## Exercise
Pictures excluded, reproduce exactly the lines below from the one with "Bông Tai Khoen" through the one with "2.バゲットにチーズ、アボカド、デュカをのせてトーストする。", both included.

## Data extract
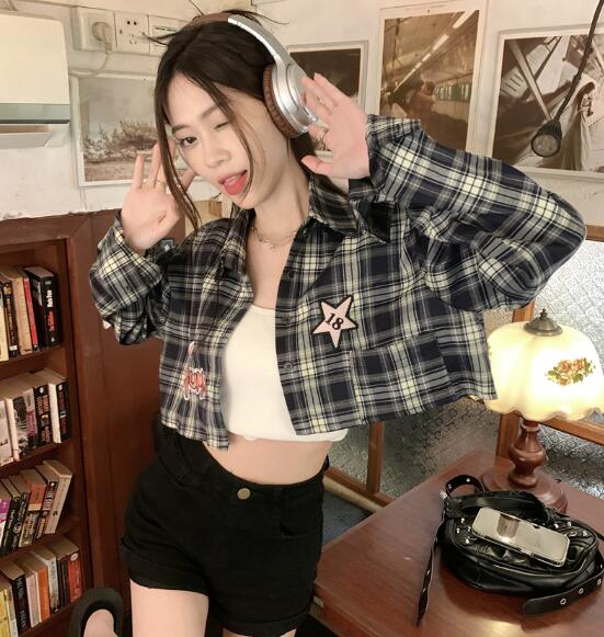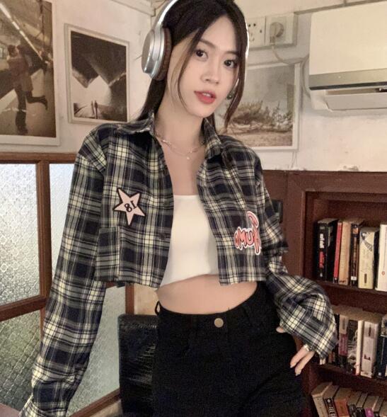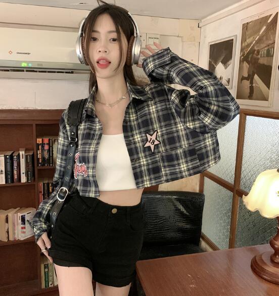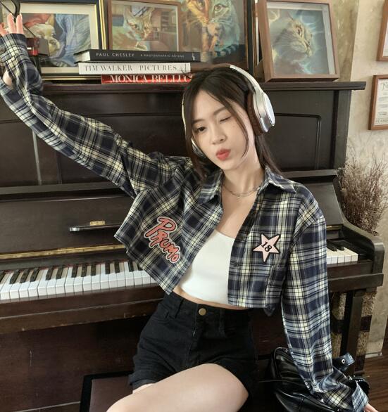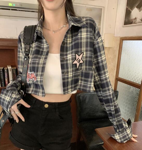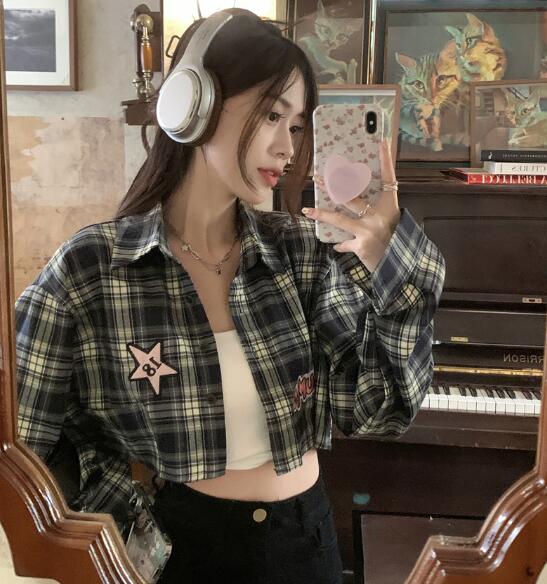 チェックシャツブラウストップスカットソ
...
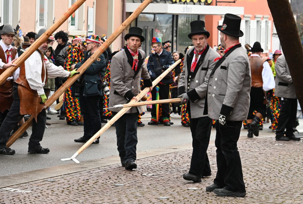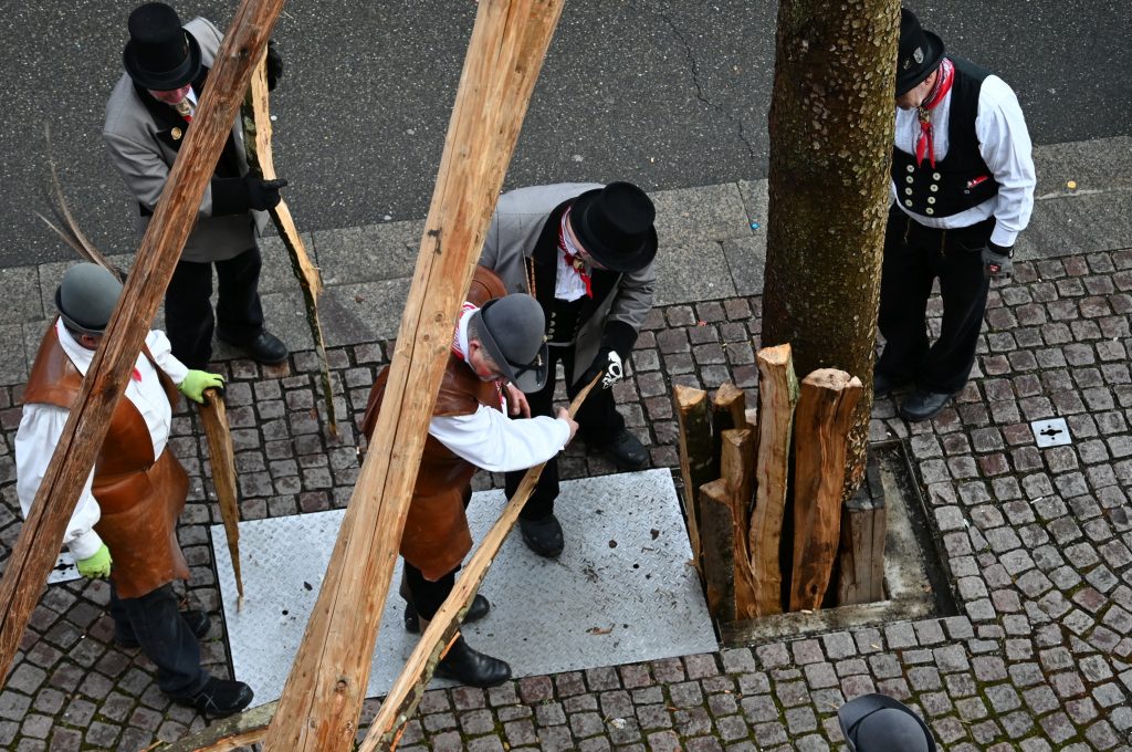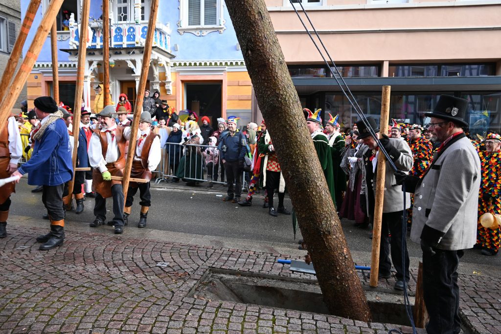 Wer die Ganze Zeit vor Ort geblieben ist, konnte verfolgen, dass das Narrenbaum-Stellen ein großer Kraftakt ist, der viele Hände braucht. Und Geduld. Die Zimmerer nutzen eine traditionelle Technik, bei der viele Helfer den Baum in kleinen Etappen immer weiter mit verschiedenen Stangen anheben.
---
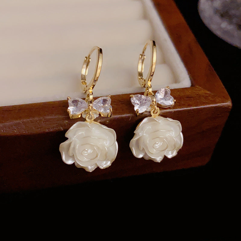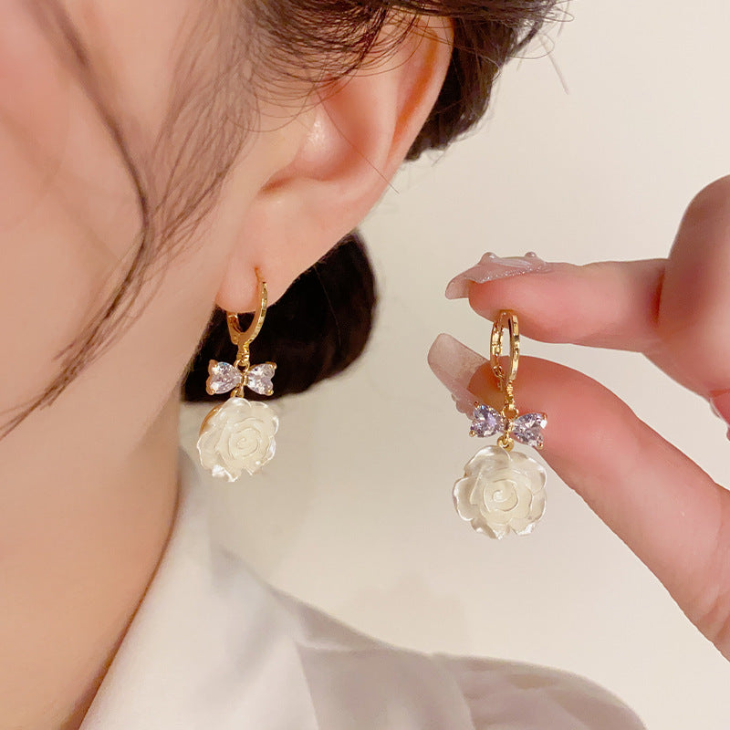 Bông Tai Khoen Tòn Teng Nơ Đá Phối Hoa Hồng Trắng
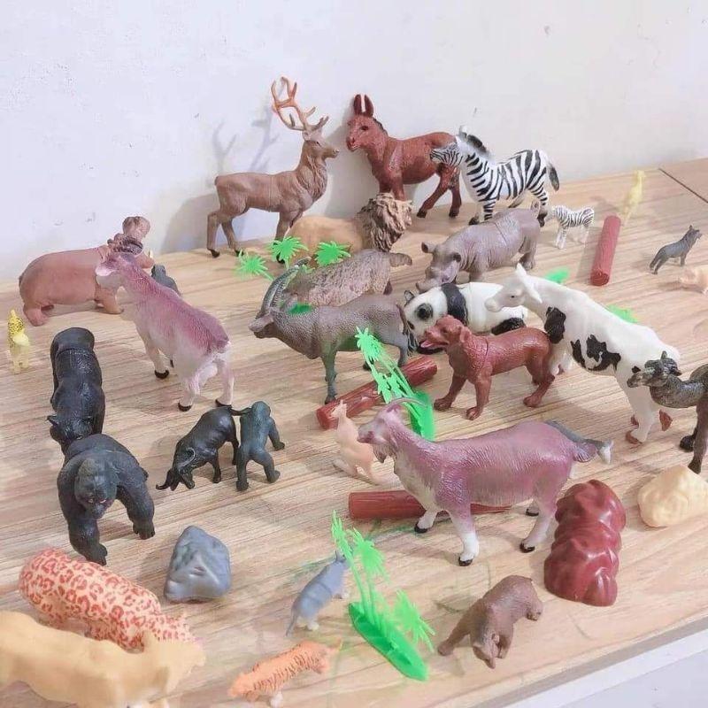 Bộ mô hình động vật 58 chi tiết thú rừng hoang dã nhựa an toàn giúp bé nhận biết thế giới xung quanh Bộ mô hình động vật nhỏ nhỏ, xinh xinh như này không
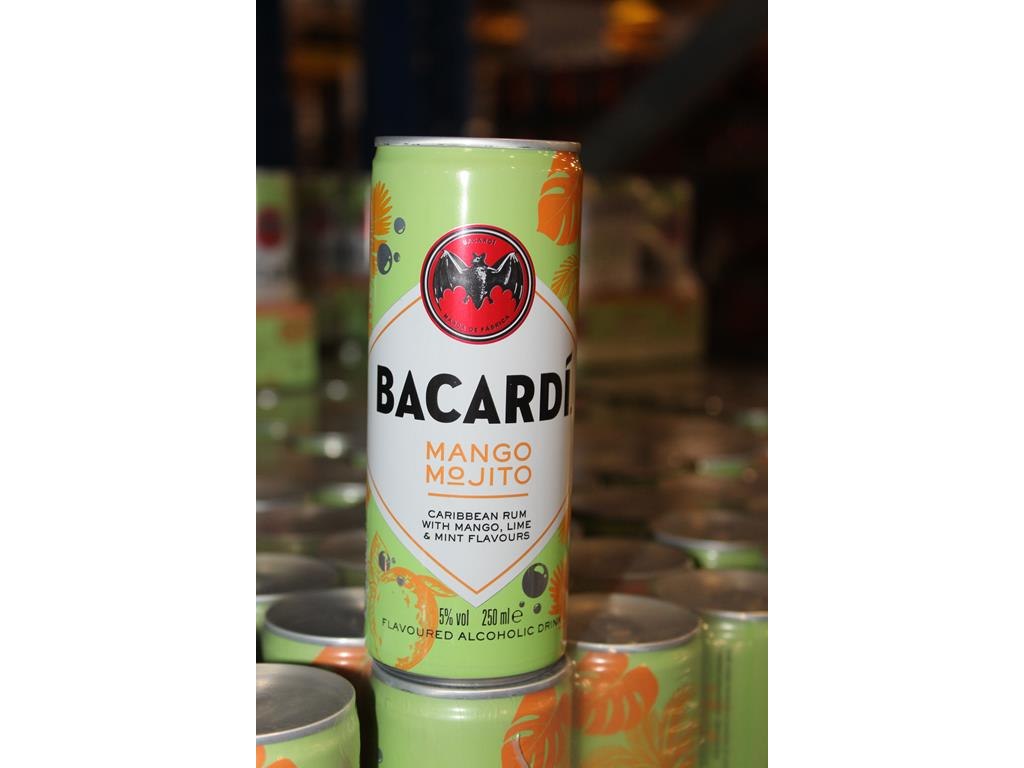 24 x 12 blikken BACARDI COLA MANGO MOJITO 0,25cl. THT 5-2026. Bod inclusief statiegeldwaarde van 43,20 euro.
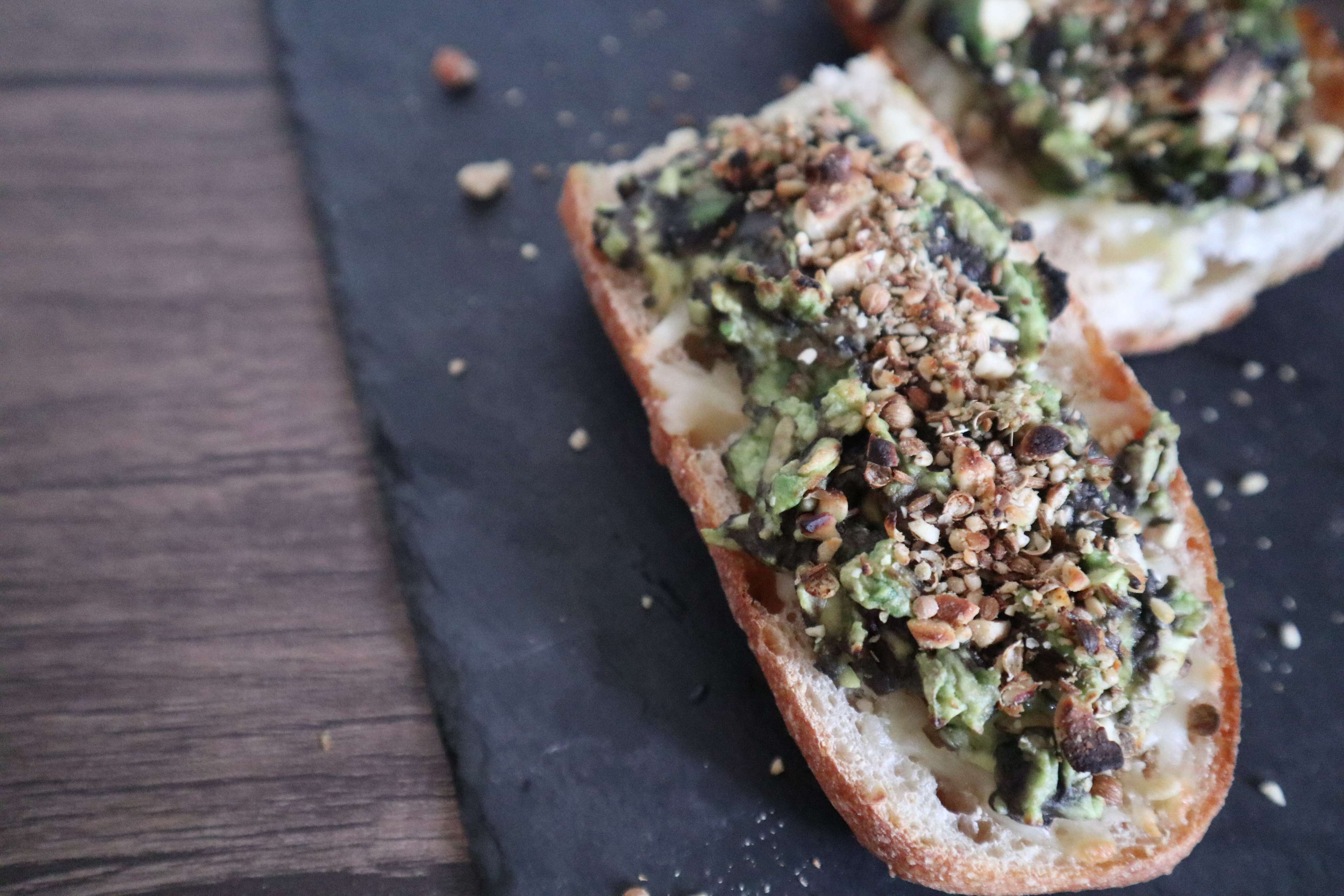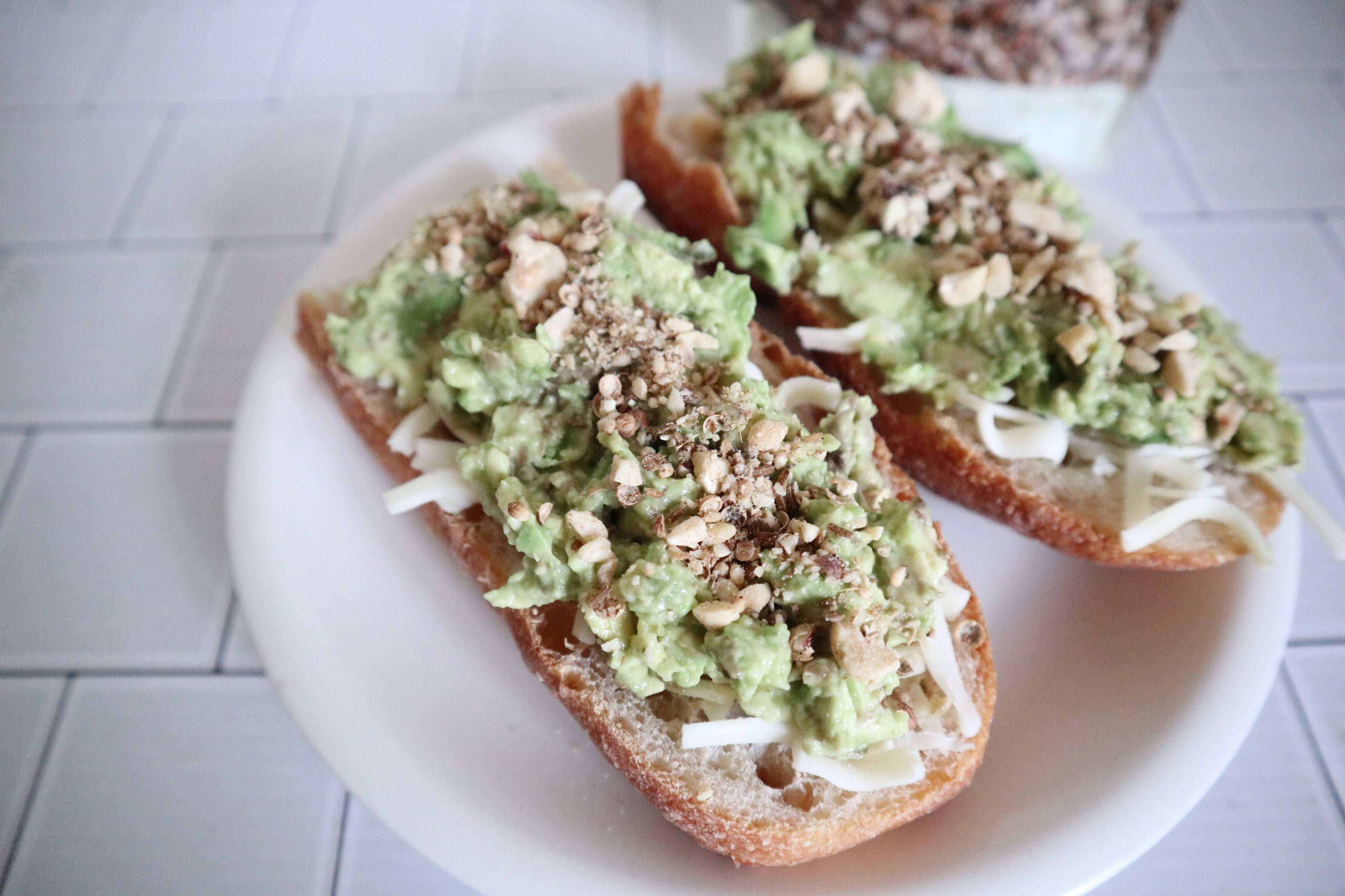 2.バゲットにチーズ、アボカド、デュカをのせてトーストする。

## Problem solution
 Bông Tai Khoen Tòn Teng Nơ Đá Phối Hoa Hồng Trắng
 Bộ mô hình động vật 58 chi tiết thú rừng hoang dã nhựa an toàn giúp bé nhận biết thế giới xung quanh Bộ mô hình động vật nhỏ nhỏ, xinh xinh như này không
 24 x 12 blikken BACARDI COLA MANGO MOJITO 0,25cl. THT 5-2026. Bod inclusief statiegeldwaarde van 43,20 euro.
 2.バゲットにチーズ、アボカド、デュカをのせてトーストする。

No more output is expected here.